YOUR TASK
For this exercise, repeat the whole listing below exactly. Leave the pictures out.

RECORDED DATA
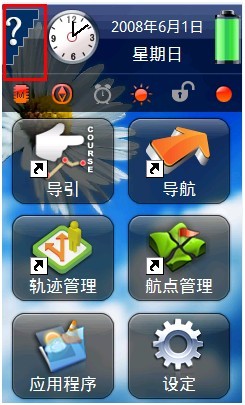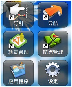 Ø  主要使用“导引”、“导航”、“轨迹管理”、“航点管理”、“应用程序”、“设定”;
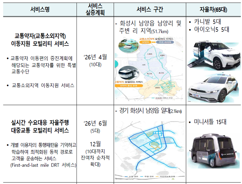 사전 시승 행사에서는 김윤덕 장관이 교통소외지역 이동지원 차량에 시험운전자로 직접 탑승해 지역 주민과 함께 이동할 계획이다.
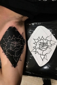 男生大臂上黑色几何简单抽象线条植物花朵纹身图片

TASK RESULT
 Ø  主要使用“导引”、“导航”、“轨迹管理”、“航点管理”、“应用程序”、“设定”;
 사전 시승 행사에서는 김윤덕 장관이 교통소외지역 이동지원 차량에 시험운전자로 직접 탑승해 지역 주민과 함께 이동할 계획이다.
 男生大臂上黑色几何简单抽象线条植物花朵纹身图片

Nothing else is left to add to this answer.